No, it is _la_ because we're talking about a woman (_she/her_), not a man…


----------



## Asr

Thanks a lot Maitre Capello!

_Elle est partie sans que nous la voyions. _→ We didn't see her leave

Hmm, I had thought "_her leave_" would be replaced with _le_ here. Don't know how to put that grammatically, verbs/sub-pharses are replaced with le?


----------



## marget

We're trying to say that it was the person we didn't see, not the leaving.


----------



## Asr

Yes, I see that Marget. I was just trying to understand what Maitre Capello said in his first post here.


----------



## Tim~!

> Hmm, I had thought "_her leave_" would be replaced with _le_ here.

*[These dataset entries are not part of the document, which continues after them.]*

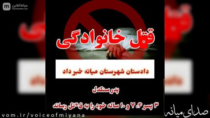 دادستان عمومی و انقلاب شهرستان میانه گفت: حسب گزارشات واصله فردی ۳۳ ساله که پدر خانواده بوده با استفاده از سلاح گرم، ۳ پسر خردسال ۴و۷ و ۱۰ ساله خود را در شرایط فجیع و دردناک در داخل خودرو شخصی به قتل رسانده و سپس خودش نیز با همان  اسلحه خودکشی می‌نماید. به گزارش روابط عمومی دادگستری، دادستان میانه درخصوص این خبر گفت: ظهر امروز برابر اعلام یکی از روستاییان با مرکز فوریت‌های پلیسی مبنی بر مشاهده اجساد چند نفر در داخل خودرو سواری در جاده برون شهری شهرستان، مراتب سریعا گزارش و اکیپ بررسی صحنه جرم به محل اعزام و با کشف اجساد، بلافاصله موضوع در دستور کار پلیس و دستگاه قضایی قرار گرفت. این مقام قضایی تاکید کرد: لازم است اصحاب رسانه، خبرنگاران و سایر مسوولان در خصوص اطلاع رسانی موضوع، از هیجان و عجله بی‌مورد اجتناب نموده تا ابعاد موضوع به نحو دقیق بررسی و متعاقباً اطلاع رسانی شود. دادستان میانه همچنین در پایان افزود: تحقیقات و بررسی دقیق ابعاد موضوع برای تشخیص علت و انگیزه قتل ادامه دارد.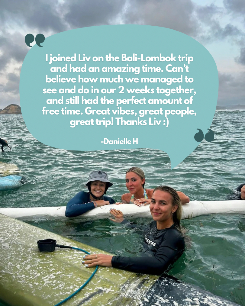 12 days of island life — surf lessons in Lombok, chasing waterfalls in Bali, snorkelling Gili T, and living the tropical adventure.
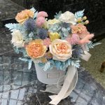 “Атлас☁️” – цветочная композиция с зефиром в деревянном ящике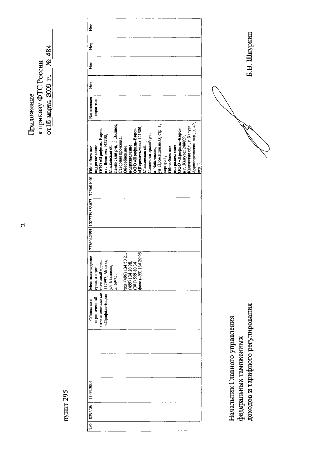 ПРИКАЗ ФТС РФ от 16.03.2009 N 434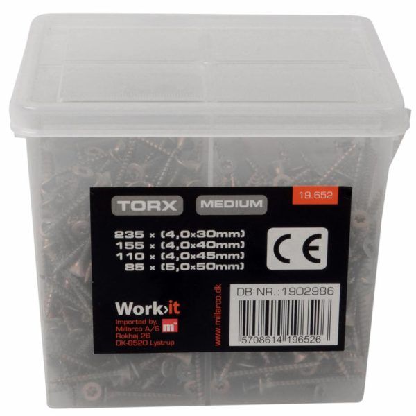 TORX sponplateskruer i praktisk boks, som inneholder:
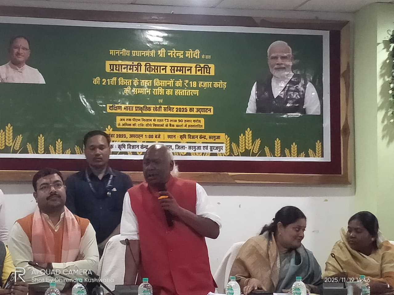 अम्बिकापुर / जिला स्तरीय कार्यक्रम कृषि विज्ञान केंद्र अजिरमा अम्बिकापुर में सांसद श्री चिंतामणी महाराज के मुख्य आतिथ्य में आयोजित किया गया। इस कार्यक्रम में जिले के कृषको को प्रधानमंत्री किसान सम्मान निधि योजना की 21 वी क़िस्त की राशि हस्तांतरित की गई। जिसमें जिले के पी एम किसान पंजीकृत पात्र 100215 कृषको को 20.04 करोड़ रुपये। सीधे कृषको के बैंक खाते में अंतरण किया गया जिससे जिले के कृषको में खुशीओ से चेहरे में चमक आ गई है सुश्री संपदा पैकरा उपसंचालक कृषि सूरजपुर की मार्गदर्शन में जिला स्तरीय कार्यक्रम कृषि विज्ञान केंद्र अजिरमा अम्बिकापुर में आयोजित किया गया जिसमें जिले के 105 कृषक शामिल होकर कार्यक्रम को सफल बनाकर श्री नरेंद्र मोदी के परिचर्चा आनन्द लये साथ ही विकासखण्ड स्तर एव ग्राम स्तर में भी कार्यक्रम का आयोजन किया गया जिसमें जिले के लगभग 1000 कृषको द्वारा कार्यक्रम का आनन्द लिये इस कार्यक्रम में संदीप शर्मा कार्यक्रम समन्वयक के वी के अजिरमा, श्री संदीप सिन्हा सहायक संचालक कृषि ,धीरेंद्र कुशवाहा कृषि विकास अधिकारी अभिषेक सिंह ग्रामीण कृषि विस्तार अधिकारी रजनी पैकरा मोनू ठाकुर एव कृषको का विशेष सहयोग रहा ।

"her leave" isn't "possessive adjective + noun"; it's "feminine object pronoun + verb that the object was performing".

If it were a man the sentence would be "... him leave" and you wouldn't have gotten confused.  It's just that the feminine equivalent of "him/his" is "her/her" and that might lend to confusion.

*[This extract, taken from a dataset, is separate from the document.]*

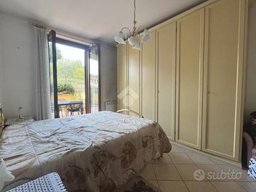 Dal giardino si accede direttamente al piano terra dove si sviluppa la zona giorno. Quì troviamo un soggiorno con porte finestre che affacciano sulla corte esterna e una cucina abitabile. Sullo stesso livello si trovano inoltre una camera matrimoniale anch'essa con accesso alla corte esterna, un bagno finestrato con doccia e un pratico ripostiglio.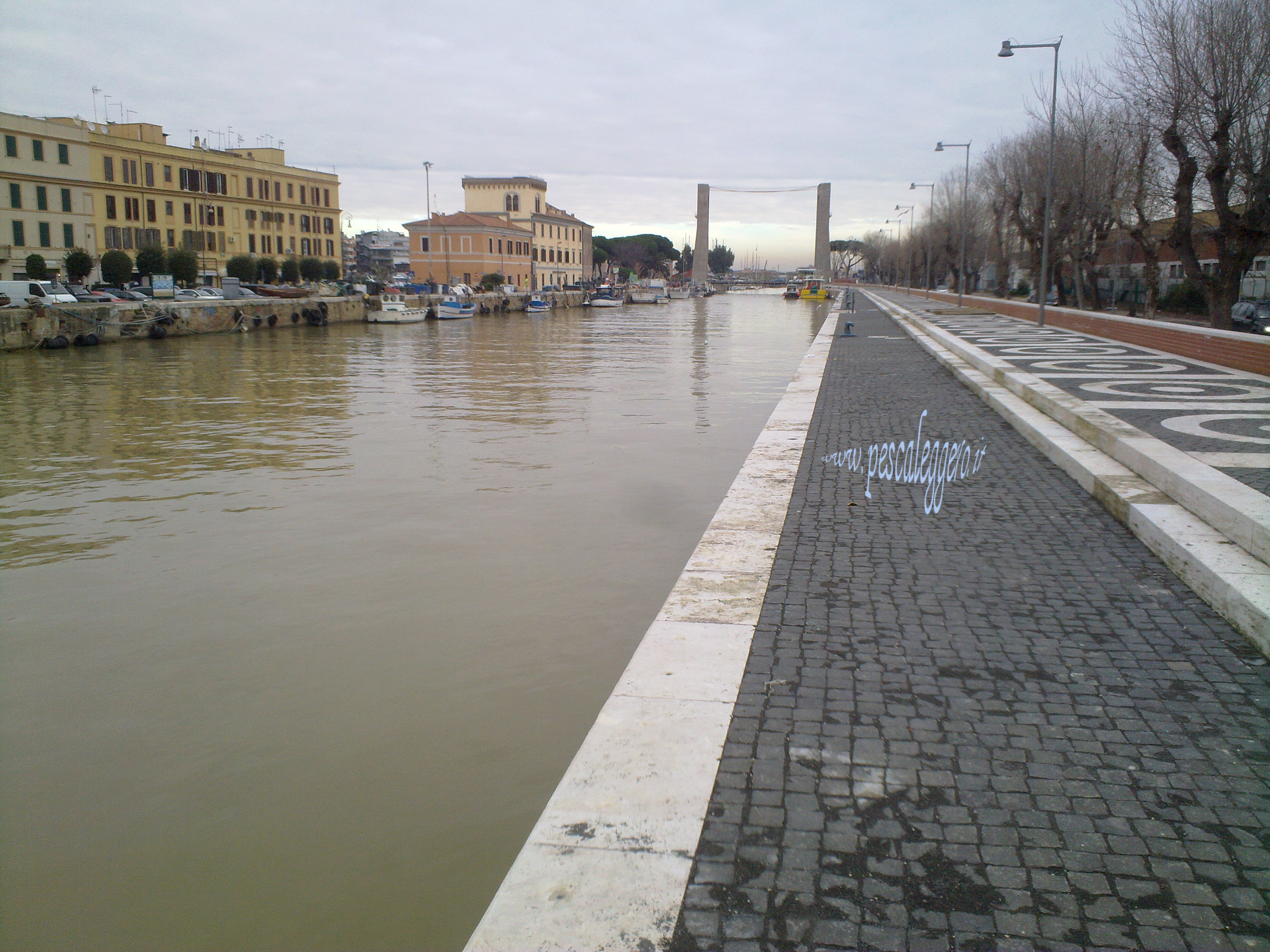 Si ieri c'era vento e sapevo che il Canale sarebbe stato mosso...ma ho voluto comunque provare, arrivato a Fiumicino mi sono diretto verso la torre dei piloti per vedere la situazione, quando sono arrivato come ho aperto ho sentito il tombino sbattere e ho capito subito che non era aria, per chi non conosce Fiumicino il tombino si trova sulla banchina è chiuso, ma quando la risacca pompa si solleva di un centimetro e poi cadendo sbatte, allora ho pensato di andare a vedere lungo fiume dove ci sono le paranze, e li la situazione era migliore ma comunque la risacca era sempre presente, un caffè e una sfogliatella all'Old River, e ci sarebbe stata solo una soluzione per calare le lenze appena sotto al ponte.....mi sono diretto li e dopo aver gironzolato un po ho trovato il buco tra le barche che mi andava a genio.....

You're after "I saw her [when she was leaving]": you need to use _la_.


----------



## Fred_C

Tim~! said:


> "her leave" isn't "possessive adjective + noun"; it's "feminine object pronoun + verb that the object was performing".
> 
> If it were a man the sentence would be "... him leave" and you wouldn't have gotten confused.  It's just that the feminine equivalent of "him/his" is "her/her" and that might lend to confusion.
> 
> You're after "I saw her [when she was leaving]": you need to use _la_.



Hi,
Your explanation is perfectly correct for the English language, but in French, the pronoun "le" can actually replace the whole proposition "her leave". (Actually it replaces the clause "Qu'elle était partie".
So the sentence "Elle est partie sans que nous _le _voyions" is indeed perfectly correct.


----------



## Tim~!

Yep, I agree Fred.  I was trying to justify Capello's use of _la _because Asr said they couldn't see what he was doing, but it was wrong to lead Asr into thinking that _la_ was the only choice.

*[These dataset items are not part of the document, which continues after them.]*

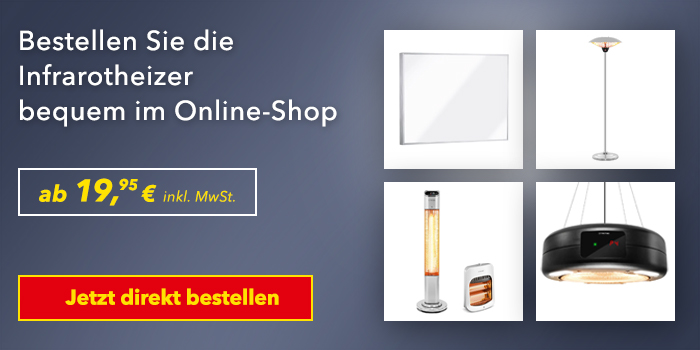 Noch schnellere Wärme auf der Haut erzeugen moderne Trotec-Infrarotstrahler und das besonders effizient. Während Elektroheizer zuerst die Luft erwärmen müssen, damit die Wärme auf die Haut gelangt, erwärmen die als Deckenstrahler, Wandstrahler, und Standgeräte erhältlichen Infrarotstrahler und Infrarot-Heizplatten die Haut und Objekte im Raum direkt – ohne Umweg über die Luft. Die Wärme entwickelt sich unmittelbar, nachdem Sie den Infrarotstrahler eingeschaltet haben. Strahler mit Infrarottechnik sind flexibel und universell einsetzbar. Als Allround-Heizgerät können Sie Infrarotstrahler überall verwenden, sie eignen sich je nach Bauweise für den Innen- und Außenbereich. Wenn Sie einen modernen Infrarotstrahler nutzen, werden Sie die schnelle Wärmequelle bald nicht mehr vermissen wollen und dabei bares Geld sparen.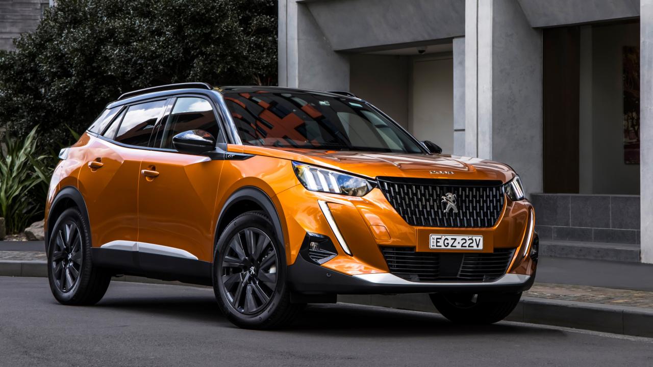 Обои Оранжевый внедорожник Peugeot 2008 GT 2020 года у дома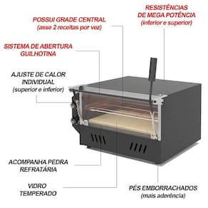 Este forno é a revolução dos fornos industriais, sem fumaça, sem sujeira e com um sabor ainda melhor. Com acendimento automático, neste forno você apenas precisa apertar um botão e pronto, o fogo já está acesso. Achou pouco? O forno elétrico guilhotina assa o seu alimento ainda mais rápido do que o normal, é mais fácil de limpar e deixa ainda mais saboroso e suculento os alimentos. Este forno é um dos únicos do mercado com resistência de mega potência, além de serem mais potentes também são muito mais econômicos. Eles consomem apenas 0,24kw/H, quase a metade do que convencionais.
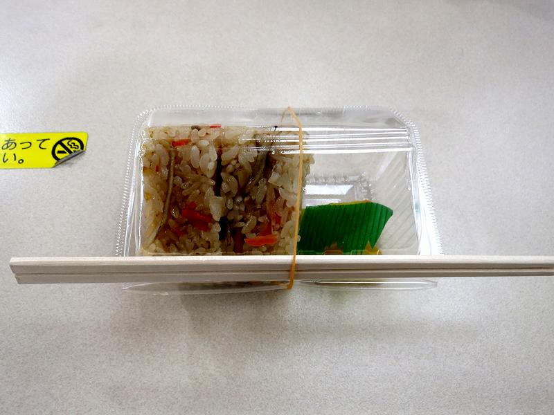 こちらは、同行者が朝食にいただいたもの。当地名物のかしわめしのおにぎりですが、味見させて貰ったところ、濃すぎない味付けが美味しゅうございました。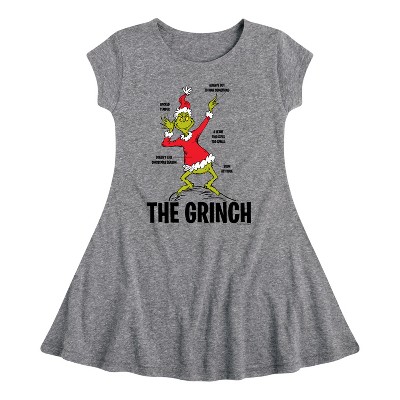 Girls' - The Grinch - Fit & Flair Cap Sleeve Graphic Dress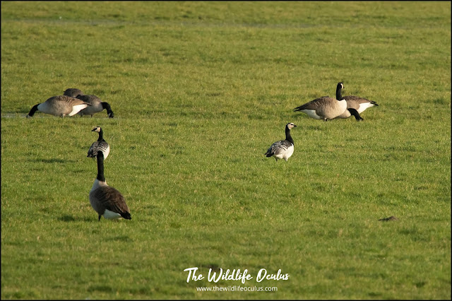 In the field at the rear of the Snipe Platform was a big flock of grazing Canada Geese. Unknown to me at the time there were two Barnacle Geese in with them.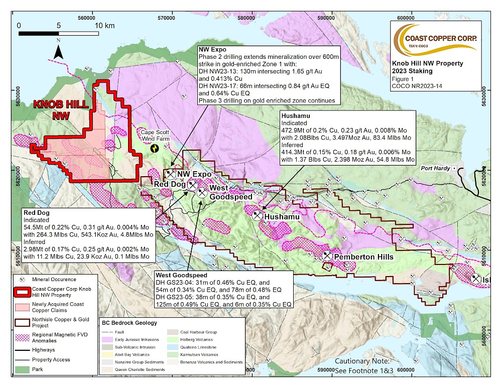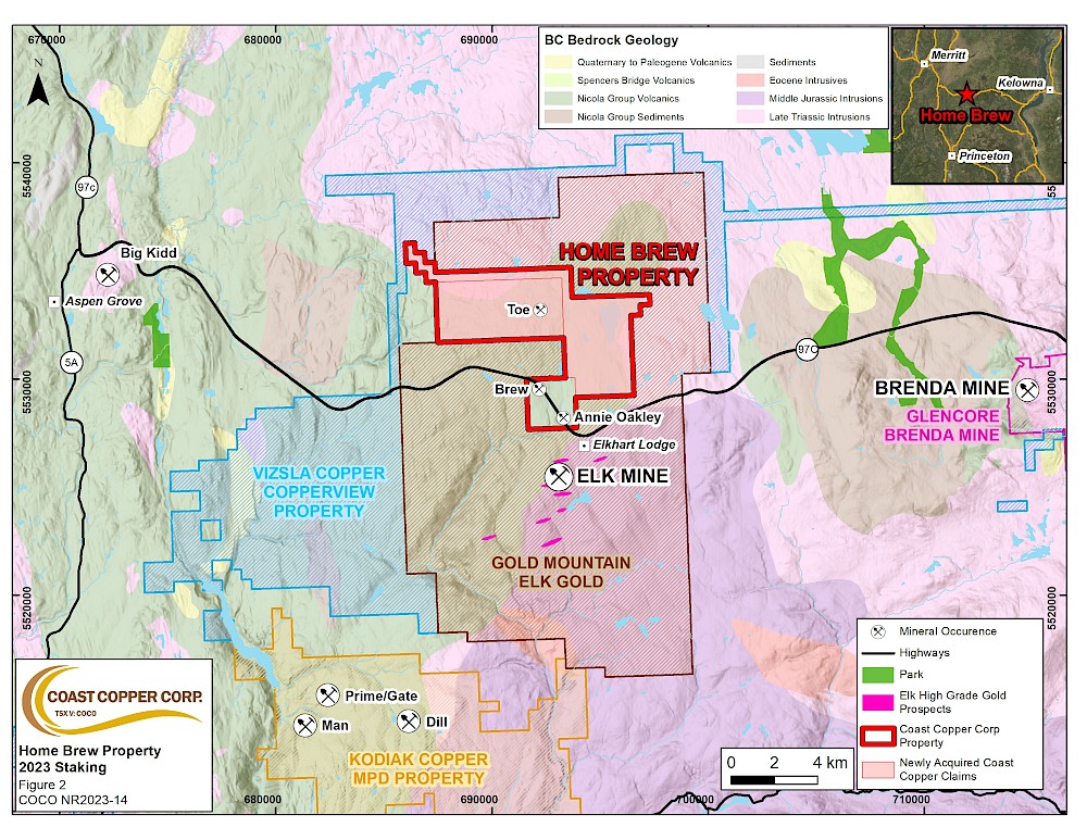 Vancouver, BC – Coast Copper Corp. (“Coast Copper” or the “Company”; TSX-V: COCO) is pleased to announce that it has recently expanded its Knob Hill NW property on northern Vancouver Island and its Home Brew property in southcentral British Columbia (“BC”). In addition to the recent staking, the Company also provides an update on the results from its annual general meeting (“AGM”) held on Thursday, December 7, 2023.

We can actually do the same thing in English too.  It's perfectly natural to say "She left without us seeing it", although it's not as common as the other forms, I would suggest.


----------



## timpeac

The "la" form is the only correct choice as a translation of the English sentence in the title. As Tim says the "le" form means "without our seeing it".


----------



## Fred_C

Tim~! said:


> We can actually do the same thing in English too. It's perfectly natural to say "She left without us seeing it",


 

 Thank you for this piece of information.


----------



## Asr

I finally get it. Thanks a million for the clarification Tim!  And a big thank you to Marget, Fred & Timpeac too!


----------



## geostan

I would say:_ Elle est partie sans que nous la voyions._ To me, the adverb clause merely states that at the moment of her leaving, we were not aware of it. The form with ...ayons vue... seems complicated and unnecessary. 

Cheers!


----------



## Rory Melough

Tim~! said:


> Yep, I agree Fred. I was trying to justify Capello's use of _la _because Asr said they couldn't see what he was doing, but it was wrong to lead Asr into thinking that _la_ was the only choice.
> 
> We can actually do the same thing in English too. It's perfectly natural to say "She left without us seeing it", although it's not as common as the other forms, I would suggest.


 
I'm not sure about this - it doesn't sound quite right to me. 

I would say, "she left without us seeing her do so"


----------